Materials and methods: Heterotopic transplantation was performed in Lewis rats (n = 20). After 1 hour of ischemic preservation and 1 hour of reperfusion, we assessed myocardial function and energy charge potential. The modifications of HTK solution included the addition of L-arginine, partial replacement of histidine with acetyl-histidine, and reduction of chloride concentration (HTK-1). In a second group, Custodiol served as the control.

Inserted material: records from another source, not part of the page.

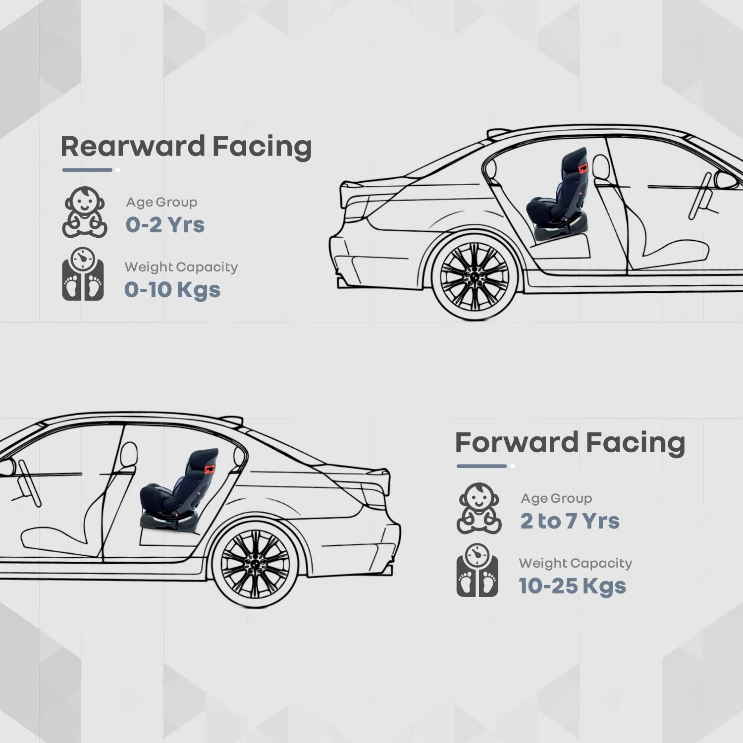 • Baby Car Seat- Group 2- Jack N Jill Grand can be used as Front Facing Car seat of 4-7 years Age group.It also supports weight from 18-25 Kgs of Child’s Weight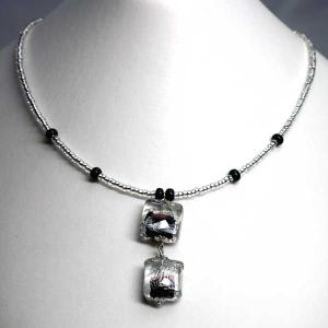 ネックレス ペンダント ベネチアングラス イタリア製 角 デュオ 黒 シルバー ベネチアンガラス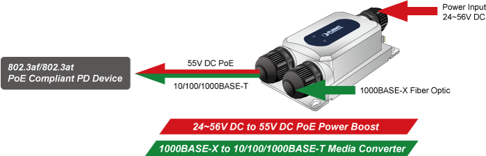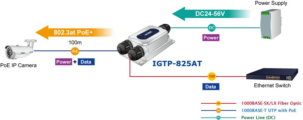 The IGTP-825AT can deliver up to 30-watt 55V DC power over Cat.5/5e/6 Ethernet cables, doubling that of the earlier 802.3af. It is also backward compatible with 802.3af PoE standards to allow users to flexibly deploy standard and high powered devices simultaneously with no need for software configuration. With data and Power over Ethernet from one unit, the IGTP-825AT can reduce cable deployment and eliminate the need for dedicated electrical outlets on the wall, ceiling or any unreachable place.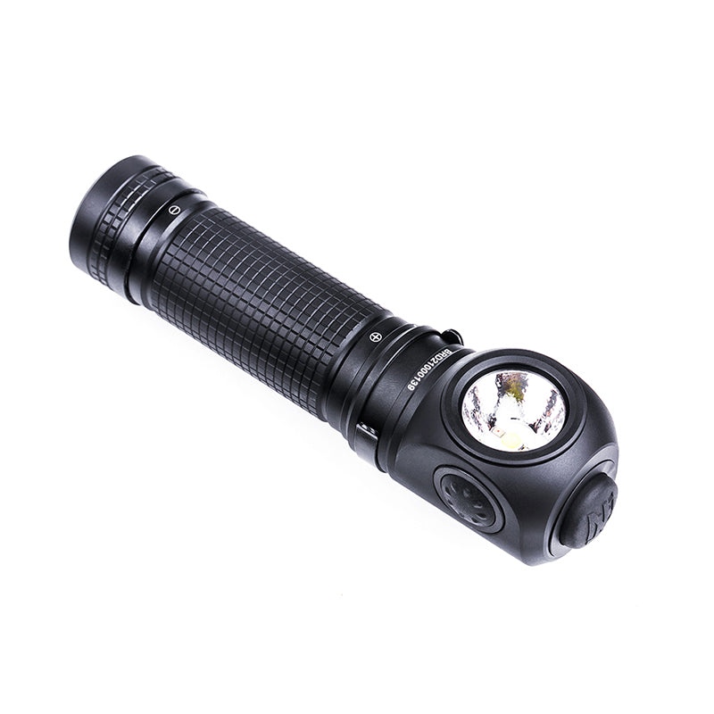 Tryby pracy zmienia się za pomocą dwóch przycisków umieszczonych z góry i boku korpusu, pozwalając na intuicyjny wybór natężenia światła. Górny przycisk odpowiadający za światło białe pozwala na chwilowe włączenie przy lekkim wciśnięciu, stałą pracę przy pełnym przytrzymaniu oraz zmianę trybów. Lewy przycisk pozwala na przełączanie między sygnałowym światłem niebieskim, czerwonym, oraz stroboskopem.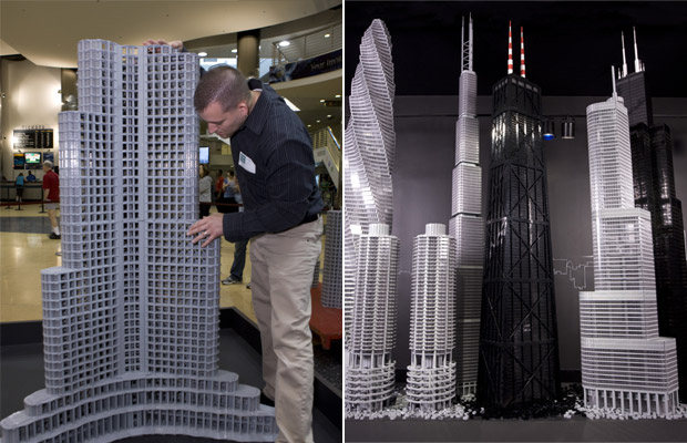 Visitors to the MSI will get to see more than 15 skyscrapers designed and built by certified LEGO professional Adam Reed Tucker. The designer for the Frank Lloyd Wright Lego kits we lusted after recently, his amazing creations on display at the museum soar as much as 10-feet high, depicting local landmarks like the Sears Tower, Marina City and Trump Tower as well as China's Jin Mao Tower, the St. Louis Gateway Arch, Seattle Space Needle, and the Burj Dubai Tower. And what might end up being the tallest version of the Chicago Spire that ever gets completed.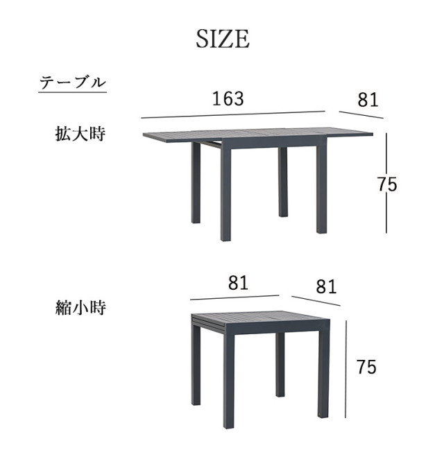 ・テーブル(縮小時):約 横幅81×奥行81×高さ75cm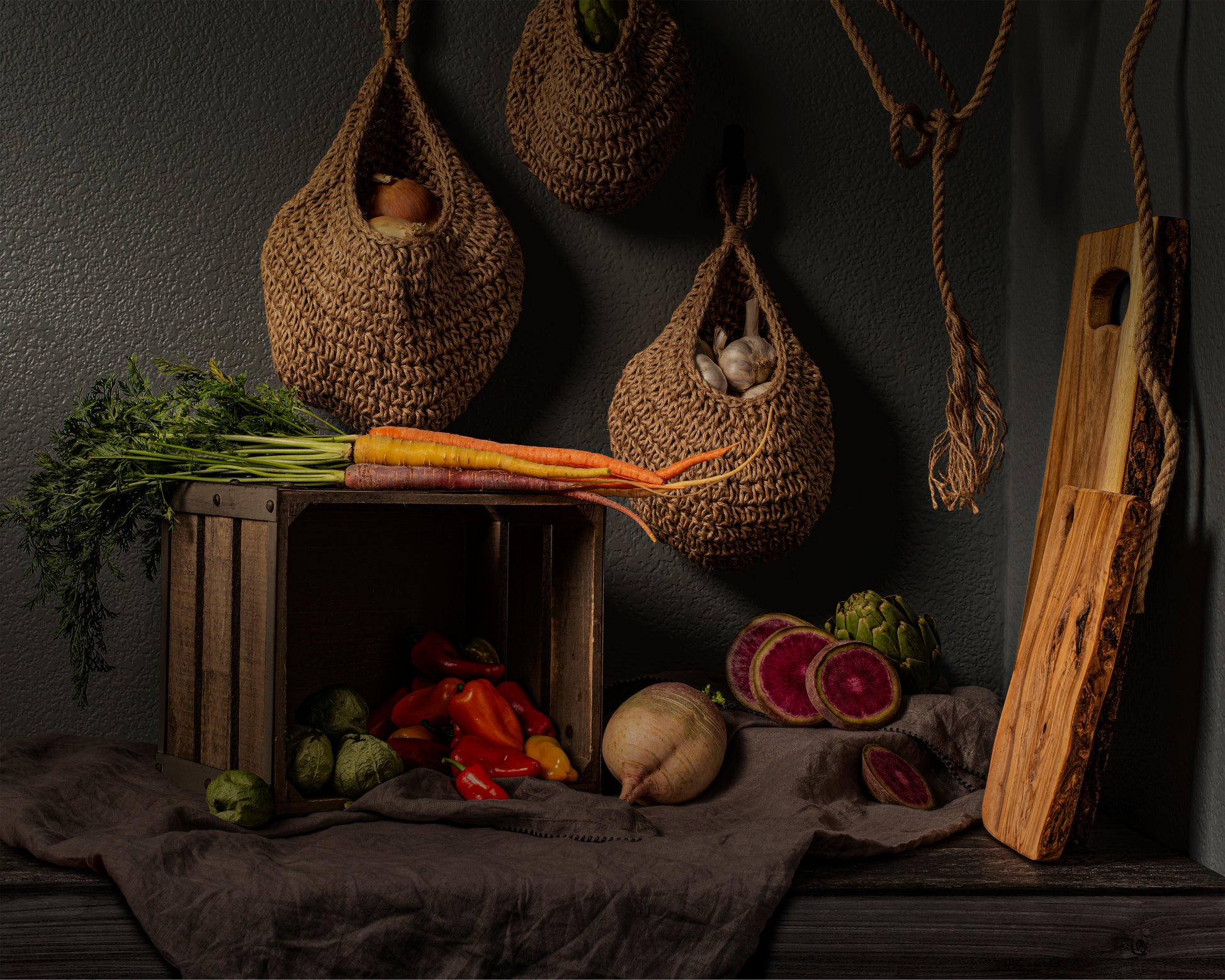 A quiet celebration of sustenance and simplicity, Radix Cellarium invites the viewer into the hushed stillness of a storied pantry. Root vegetables—vivid carrots, turnips, and striking watermelon radishes—rest alongside a crate brimming with peppers and tomatillos, their colors whispering of soil and sun. Woven baskets cradle garlic and onions, suspended like sacred offerings on textured walls, while a handcrafted cutting board leans patiently nearby. This tableau, both humble and artful, speaks to ancestral rhythms—of harvest, preservation, and the timeless poetry of food as nourishment, ritual, and home.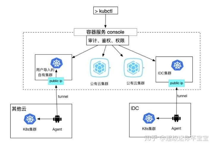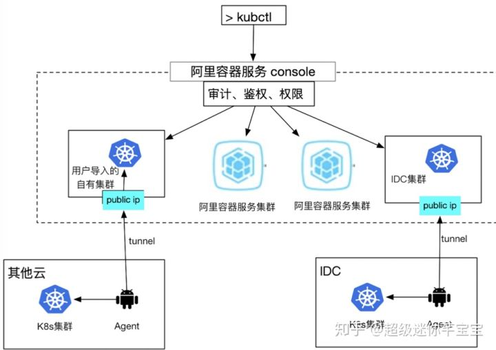 集群隧道会在用户的 Kubernetes 集群里安装一个 agent,使得用户的集群无需公网 IP,就可以被用户像使用公有云上的 Kubernetes 服务一样在公网访问,随时随地愉快的使用、管理、监控自己的集群,拥有统一的鉴权、权限、日志、审计、控制台等等一系列的功能。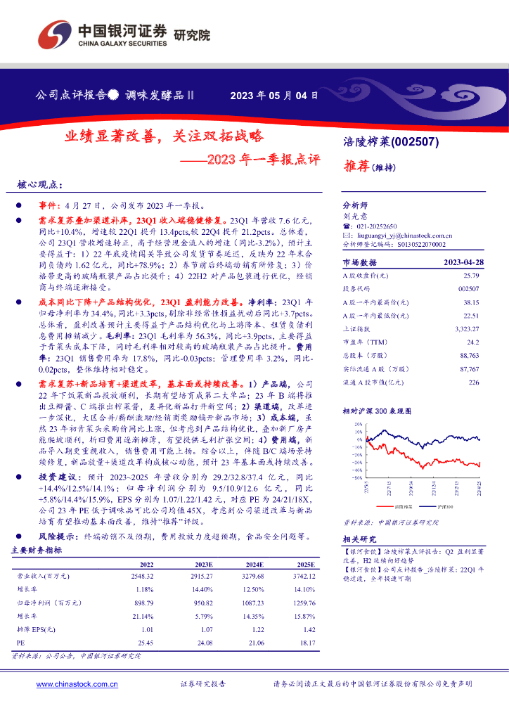 中国银河:涪陵榨菜(002507)-2023年一季报点评:业绩显著改善,关注双拓战略.pdf
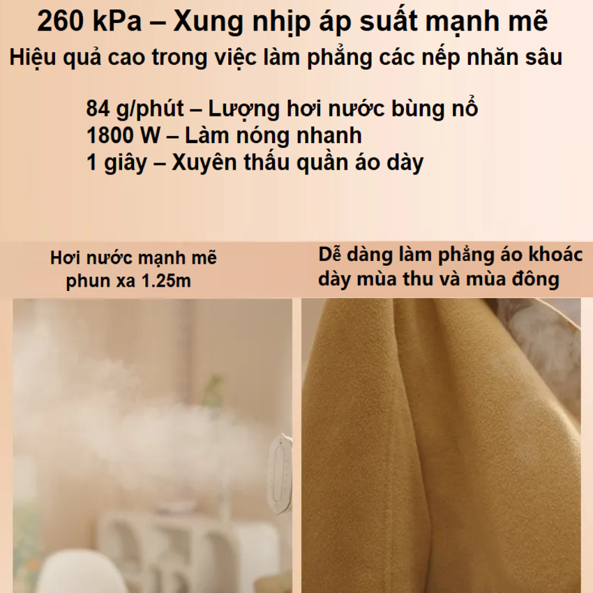 Hơi phun tăng cường lên tới 250 g giúp làm phẳng cả những nếp nhăn cứng đầu: Thâm nhập sâu hơn vào cấu trúc vải để loại bỏ ngay cả những nếp nhăn cứng đầu.

Results: After 1 hour of reperfusion, left ventricular systolic pressure (106 +/- 33 vs 69 +/- 9 mm Hg; P < .05) and minimum rate of pressure development (dP/dt) (-1388 +/- 627 vs -735 +/- 219 mm Hg/s; P < .05) were significantly higher among the HTK-1 group compared with the control group. Energy charge potential did not differ significantly between the groups.

Conclusion: This study showed that the novel modified HTK-1 solution improved myocardial contractility and relaxation after heart transplantation.